[Python-ideas] Tweaking closures and lexical scoping to include the function being defined

Sun Oct 2 15:38:07 CEST 2011

On Sun, Oct 2, 2011 at 2:29 AM, Ron Adam <ron3200 at gmail.com> wrote:
> On Sat, 2011-10-01 at 22:11 -0400, Nick Coghlan wrote:
>
> +1 on all of the zen statements of course.
>
> I think you made a fine case for being careful and mindful about this
> stuff.  :-)

Heh, even if nothing else comes out of these threads, I can be happy
with helping others to learn how to look at this kind of question from
multiple angles without getting too locked in to one point of view
(and getting more practice at doing so, myself, of course!)
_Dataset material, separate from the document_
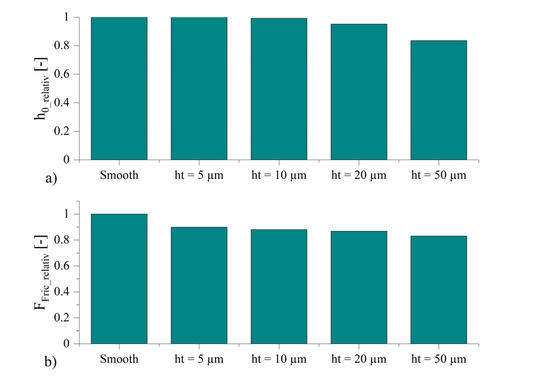 Since the external load was specified, a corresponding lubrication gap height was obtained for the different geometries (Figure 5a). The clearance height can be interpreted as a parameter for the bearing capacity. A higher value for the clearance height corresponds to a higher bearing capacity of the texture. Figure 5a shows the relative clearance heights of the lubrication gaps in comparison to the smooth wedge. It can be seen that for texture heights of 5 µm and 10 µm, the corresponding lubrication gap heights and thus the load bearing capacities of the textured surfaces were approximately the same as for the smooth surfaces. For ht = 20 µm and 50 µm, the load-bearing capacity decreased significantly. In Figure 5b, it can be seen that for all texturing heights, the hydrodynamic friction force was lower than for the smooth wedge. For texture heights of 5 and 10 µm, the friction was reduced while the lubrication gap clearance remained the same, which corresponded to an improvement in the tribological performance for the considered operating condition in the hydrodynamic lubrication regime.

> One way to think of this is, Private, Shared, and Public, name spaces.
> Private and Public  are locals and globals, and are pretty well
> supported, but Shared names spaces, (closures or otherwise) are not well
> supported.
>
> I think the whole concept of explicit shared name spaces, separate from
> globals and locals is quite important and should be done carefully.  I
> don't think it is just about one or two use-cases that a small tweak
> will cover.

"not well supported" seems a little too harsh in the post PEP 3104
'nonlocal' declaration era. If we look at the full suite of typical
namespaces in Python, we currently have the following (note that
read/write and read-only refer to the name bindings themselves -
mutable objects can obviously still be modified for a reference that
can't be rebound):

Locals: naturally read/write
Function state variables (aka default argument values): naturally
read-only, very hard to rebind since this namespace is completely
anonymous in normal usage
Lexically scoped non-locals: naturally read-only, writable with
nonlocal declaration
Module globals: within functions in module, naturally read-only,
writable with global declaration. At module level, naturally
read/write. From outside the module, naturally read/write via module
object
Process builtins: naturally read-only, writable via "import builtins"
and attribute assignment
Instance variables: in methods, naturally read/write via 'self' object
Class variables: in instance methods, naturally read-only, writable
via 'type(self)' or 'self.__class__'. Naturally read/write in class
methods via 'cls', 'klass' or 'class_' object.

Of those, I would put lexical scoping, function state variables and
class variables in the 'shared' category - they aren't as contained as
locals and instance variables, but they aren't as easy to access as
module globals and process builtins, either.

The current discussion is about finding a syntax to bring function
state variables on par with lexical scoping, such that default
argument values are no longer such a unique case.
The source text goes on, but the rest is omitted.